# Braxton is home



## CorgiPaws (Mar 31, 2009)

Braxton is home...
And I don't think I could be any more in love.


----------



## DaneMama (Jun 27, 2008)

Gah!!!! He's huge!!! And so stinkin' handsome!!! Can't wait to see him again in about a month!!!


----------



## CorgiPaws (Mar 31, 2009)

DaneMama said:


> Gah!!!! He's huge!!! And so stinkin' handsome!!! Can't wait to see him again in about a month!!!
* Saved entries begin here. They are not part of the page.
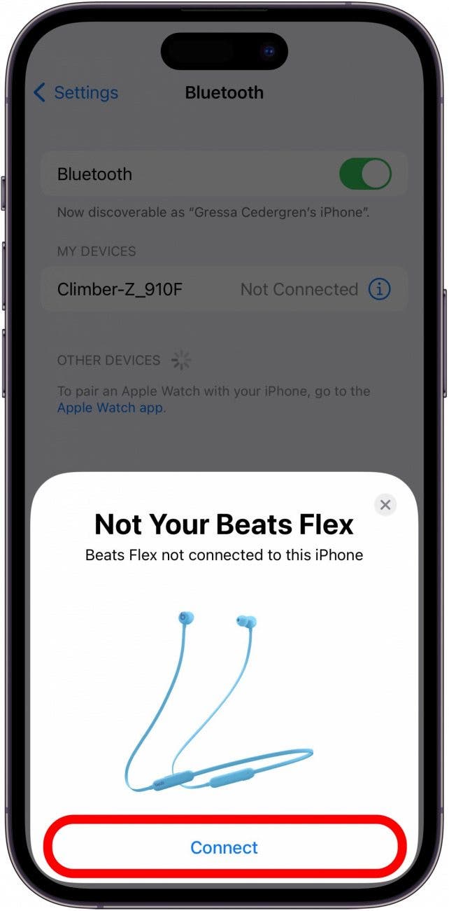- 您的 Beats 图像将出现在您的 iPhone 上。轻敲连接。
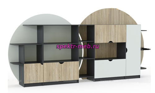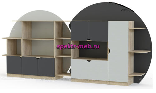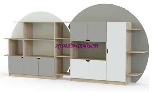 Компания СПЕКТР-М представляет новую коллекцию моделей игровых стенок и стеллажей, предназначенных для использования в детских садах и жилых помещениях. Изделия изготовлены из ламинированной древесно-стружечной плиты (ЛДСП) толщиной 16 мм в спокойных тонах, имитирующих древесину, а также в бело-серой гамме. По запросу возможно производство фасадов из ламинированной древесноволокнистой плиты (МДФ) толщиной 16 мм с использованием различных цветовых решений, включая красный, фисташковый, лаймовый, ярко-желтый и персиковый оттенки, а также другие цвета.
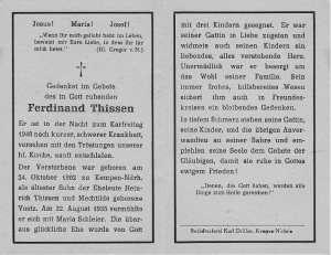 [[File:Totenzettel Ferdinand Thissen.jpg|300px|miniatur|links|Totenzettel Ferdinand Thissen]]
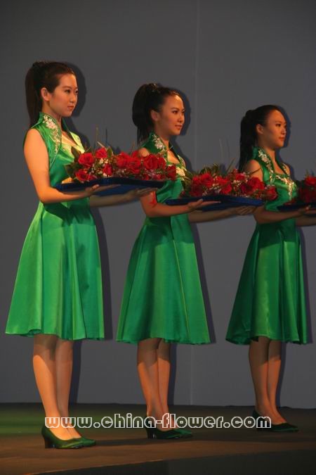 奧運頒獎手捧花昨日在“北京2008年奧運會頒獎禮儀服飾及主要頒獎元素發布會”上首次亮相。此次名為“紅紅火火”的奧運手捧花以月季和火龍珠、假龍頭、書帶、玉簪和芒葉等為主花材。“中國紅”為主基調,象征中華民族自強不息,團結一心的民族精神和不斷追求友誼、團結、公平競爭的奧林匹克運動精神。 下面組圖為發布會現場禮儀小姐手捧奧運頒獎手捧花。
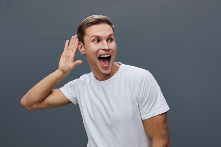 Smiling young man wearing casual white t-shirt reacting playfully holding hand near ear on gray background studio portrait

I know! He's gotten SO much bigger since we went to see the litter a few weeks ago. He's a big puppy!! I am so so so in love with him. He's PERFECT. And adjusting to the others just fine. Annie LOVES "babies" and Zailey is just plain cute with him.


----------



## DaneMama (Jun 27, 2008)

How much does he weigh now?


----------



## CorgiPaws (Mar 31, 2009)

DaneMama said:


> How much does he weigh now?


He went straight to the vet today, and was just shy of 15 lbs.


----------



## Adam76 (Dec 24, 2010)

Thats great you finally have him home, he looks awesome.


----------



## DaneMama (Jun 27, 2008)

Big guy!!! Zuri was 12 pounds at 8 weeks, Akasha was 9 pounds at 8 weeks and Bailey was 24 pounds at 8.5 weeks...Bailey's puppies were about 14-20 pounds at 8 weeks. I'd say he's right on track :thumb: :biggrin:


----------



## chowder (Sep 7, 2008)

He's adorable! You guys are so lucky to have a new puppy......now I really have a bad case of puppy fever (and I know there's no cure for it!!)


----------



## Janet At Nutro (Mar 11, 2011)

I am so excited for you! Braxton is so cute!


----------



## Tobi (Mar 18, 2011)

adorable adorable adorable... can't wait to watch him grow!!! :biggrin:
But you're brave idk what i would do with one more dog, let alone 6 :lol:


----------



## SilverBeat (Jan 16, 2011)

bxusiadbuisabfuisdbfuisdbfuidsbafui SO CUTE.


----------



## Lisa_j (Apr 7, 2011)

Oh, my..... how sweet!!! Puppy breath and all!!!


----------



## Northwoods10 (Nov 22, 2010)

What a doll!!!! 

Congratulations....Braxton is one gorgeous pooch!!! And we all know he'll be fed well! :wink:


----------



## CorgiPaws (Mar 31, 2009)

Northwoods10 said:


> And we all know he'll be fed well! :wink:


Well, he is a DOG after all!
:biggrin:


----------



## Rottnk9s (Jun 28, 2010)

He is super cute!!!!


----------



## Ania's Mommy (Feb 8, 2009)

Oh crap. What a stinkin' SWEETHEART!!! Though I can't wait to watch him grow, I kinda want him to stay all cute an' little.  Hey! That's an idea! You, Jon, and Natalie could work on creating MINIATURE Danes!ound:

I'm so glad he's home! How's it going for the little guy?


----------



## Onyxmom2 (Jan 10, 2011)

How fun, congrats!!! He is gorgeous!!


----------



## luvMyBRT (Mar 8, 2010)

Sweet baby boy! No wonder you're in love! He is a doll. I really hope that he works out in your breeding program. His coloring is really striking. Keep the pictures coming! :tongue:

Can you and Natalie start working on creating a Dane that doesn't shed?? Okay...great...thank you very much. :thumb:


----------



## KlaMarie (Dec 30, 2010)

He is so handsome!!!!


----------



## Janet At Nutro (Mar 11, 2011)

So how did your first night go with Braxton? What did he weight at birth?


----------